Но бдительность как короля, так и Ришелье усыпить было невозможно. Шпионы кардинала следовали за Анной Австрийской буквально по пятам, не упуская ее из глаз ни на мгновение. Она вместе с королевой-матерью должна была сопровождать свою золовку Генриэтту-Марию при отъезде в Англию до Амьена. Герцога же тайно предупредили, что, если он продолжит упорствовать в своих домогательствах, то будет убит. Полагают, что это лишь распалило желание герцога, который до сих пор ни в чем не встречал себе отказа.

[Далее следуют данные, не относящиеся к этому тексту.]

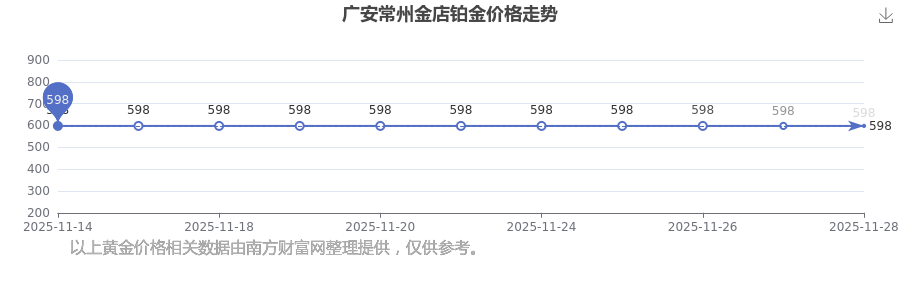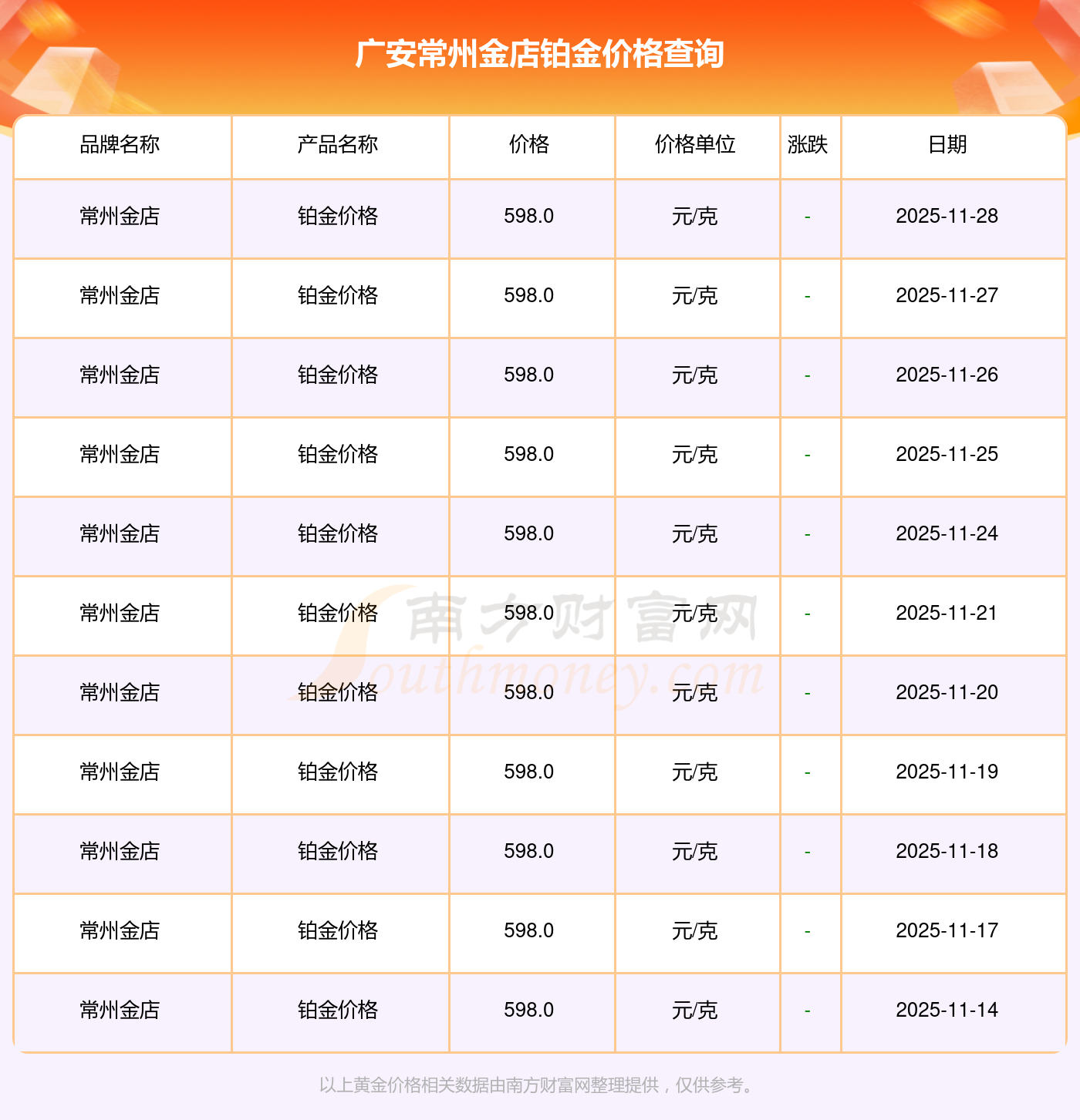今日(2025年11月29日),廣安常州金店鉑金價(jià)格的價(jià)格是598.0元/克。

2 июня королева Англии Генриэтта-Мария со всеми сопутствующими лицами покинула Париж. Бекингем принялся еще больше осаждать королеву, которая воспринимала его ухаживания без видимой досады. Церемонии торжеств, продолжавшихся в течение нескольких дней, и требования этикета не позволяли Анне Австрийской ни на минуту отлучиться от сопровождавших ее придворных. Надо полагать, она и не особенно сожалела об этих препятствиях, которые гарантировали безопасность испытываемого ею удовольствия и успокаивали ее душу, не допускающую даже и помысла о совершении греха. Двор королевы кишел клевретами Ришелье, но там также находились в услужении люди, преданные своей повелительнице и заклятые враги «красной сутаны». Среди них были два человека, которым король особо доверял в вопросе охраны добродетели своей супруги: конюший Пютанж и камердинер Лапорт, чьей обязанностью было носить край ее облачения. Герцогиня де Шеврёз воспользовалась их снисходительностью, чтобы способствовать замыслам Бекингема, чье нетерпение и дерзость не знали границ.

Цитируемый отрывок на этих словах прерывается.